Restoring the patient to his former state of health isn’t always possible. When it isn’t, help the patient adjust to a modified lifestyle. During hospitalization, promote independence by letting him finish difficult tasks by himself. If necessary, refer the patient to a community facility for continued rehabilitation.



Clubfoot, or talipes, is the most common congenital disorder of the lower limbs. It’s marked primarily by a deformed talus and shortened Achilles tendon, which give the foot a characteristic clublike appearance. In talipes equinovarus, the foot points downward (equinus) and turns inward (varus), whereas the front of the foot curls toward the heel (forefoot adduction).


It is no longer believed that clubfoot is caused by fetal position in utero. Heredity is a definite factor in some cases, although the mechanism of transmission is undetermined. In children without a family history of clubfoot, this anomaly seems linked to arrested development during the 9th and 10th weeks of embryonic life, when the feet are formed. Researchers also suspect muscle abnormalities, leading to variations in length and tendon insertions, as possible causes of clubfoot. Environmental factors play a role. Studies strongly link clubfoot to cigarette smoking during pregnancy, especially if there is a family history of clubfoot.

Clubfoot, which has an incidence of about 1 per 1,000 live births, usually occurs bilaterally and is twice as common in boys. It may be associated with other birth defects, such as myelomeningocele, spina bifida, and arthrogryposis. However, most cases are sporadic occurrences.


Talipes equinovarus varies greatly in severity. Deformity may be so extreme that the toes
touch the inside of the ankle, or it may be only vaguely apparent. In every case, the talus is deformed, the Achilles tendon shortened, and the calcaneus somewhat shortened and flattened. Depending on the degree of the varus deformity, the calf muscles are shortened and underdeveloped, and soft-tissue contractures form at the site of the deformity. The foot is tight in its deformed position and resists manual efforts to push it into normal position. Clubfoot is painless, except in elderly, arthritic patients. In older children, clubfoot may be secondary to paralysis, poliomyelitis, or cerebral palsy, in which case treatment must include management of the underlying disease.

Developmental dysplasia of the hip

Developmental dysplasia of the hip (DDH), an abnormality of the hip joint present from birth, is the most common disorder affecting hip joints of children younger than age 3. DDH can be unilateral or bilateral. (See Characteristics of developmental hip dysplasia.) This abnormality occurs
in three forms of varying severity: unstable hip dysplasia, in which the hip is positioned normally but can be dislocated by manipulation; subluxati on or incomplete dislocation, in which the femoral head rides on the edge of the acetabulum; and complete or true congenital dislocation, in which the femoral head is totally outside the acetabulum.

Developmental hip subluxation or dislocation can cause abnormal acetabular development and permanent disability.


Experts are uncertain about the causes of DDH. Dislocation is 10 times more common after breech delivery (malpositioning in utero) than after cephalic delivery, and it’s also more common among large neonates and twins. It’s a lot more common in firstborn children. Girls are affected more often than boys and white children more than black children. Genetic factors may also play a role.

Although DDH is found throughout the world, incidence is particularly high among Native Americans.

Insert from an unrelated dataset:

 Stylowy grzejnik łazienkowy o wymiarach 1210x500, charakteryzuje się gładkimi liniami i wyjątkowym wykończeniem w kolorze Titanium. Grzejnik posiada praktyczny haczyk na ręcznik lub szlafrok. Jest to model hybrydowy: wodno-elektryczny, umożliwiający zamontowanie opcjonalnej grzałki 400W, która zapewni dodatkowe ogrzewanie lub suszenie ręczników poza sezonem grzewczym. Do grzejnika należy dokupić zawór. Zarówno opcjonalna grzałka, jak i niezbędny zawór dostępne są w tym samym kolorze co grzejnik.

Clinical effects of hip dysplasia vary with age. In neonates, dysplasia doesn’t cause gross deformity or pain. However, in complete dysplasia, the hip rides above the acetabulum, causing the level of the knees to be uneven. As the child grows older and begins to walk, the abduction on the dislocated side is limited. Uncorrected bilateral dysplasia may cause him to sway from side to side, a condition known as “duck waddle”; unilateral dysplasia may produce a limp. If corrective treatment isn’t begun until after age 2, DDH may cause degenerative hip changes, lordosis, joint malformation, and softtissue damage.

Muscular dystrophy

Muscular dystrophy is actually a group of congenital disorders characterized by progressive symmetrical wasting of skeletal muscles without neural or sensory defects. Paradoxically, these wasted muscles tend to enlarge because of connective tissue and fat deposits, giving an erroneous impression of muscle strength. The main types of muscular dystrophy are Duchenne’s (pseudohypertrophic), Becker’s (benign pseudohypertrophic), facioscapulohumeral (Landouzy-Dejerine), limb-girdle dystrophy,
Emery-Dreifuss muscular dystrophy, and myotonia congenita.

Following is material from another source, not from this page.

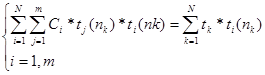 for(i=0;i<N-1;i++) cout<<"\n\t\t\t\tC"<<i<<'='<<A[i][M];

The prognosis varies. Duchenne’s muscular dystrophy generally strikes during early childhood and usually results in death in the 20s or early 30s. Patients with Becker’s muscular dystrophy typically live into their 40s. Facioscapulohumeral and limb-girdle dystrophies usually don’t shorten life.


Muscular dystrophy is caused by various genetic mechanisms. Duchenne’s and Becker’s muscular dystrophies are X-linked recessive disorders. Both result from defects in the gene coding for the muscle protein dystrophin; the gene has been mapped to the Xp21 locus.

The incidence of muscular dystrophy is about 1 in 651,450 persons in the United States. Duchenne’s and Becker’s muscular dystrophies affect males almost exclusively.

Facioscapulohumeral dystrophy is an autosomal dominant disorder. Limb-girdle dystrophy is usually autosomal recessive. These two types affect both sexes about equally.


Although all four types of muscular dystrophy cause progressive muscular deterioration, the degree of severity and age of onset vary.

Duchenne’s muscular dystrophy begins insidiously, between ages 2 and 3. Initially, it affects leg and pelvic muscles but eventually spreads to the involuntary muscles. Muscle weakness produces a waddling gait, toe walking, and lordosis. Children with this disorder have difficulty climbing stairs, fall down often, can’t run properly, and their scapulae flare out (or “wing”) when they raise their arms. Calf muscles especially become enlarged and firm. Muscle deterioration progresses rapidly, and contractures develop. Some have abrupt intermittent oscillations of the irises in response to light (Gower’s sign). Usually, these children are confined to wheelchairs by ages 9 to 12. Late in the disease, progressive weakening of cardiac muscle causes tachycardia, electrocardiogram abnormalities, and pulmonary complications. Death commonly results from sudden heart failure, respiratory failure, or infection.

Signs and symptoms of Becker’s muscular dystrophy resemble those of Duchenne’s muscular dystrophy, but they progress more slowly. It generally affects older boys and young men. Children affected usually walk through their teens and into adulthood—sometimes into their 40s. Cardiac involvement is much less frequent.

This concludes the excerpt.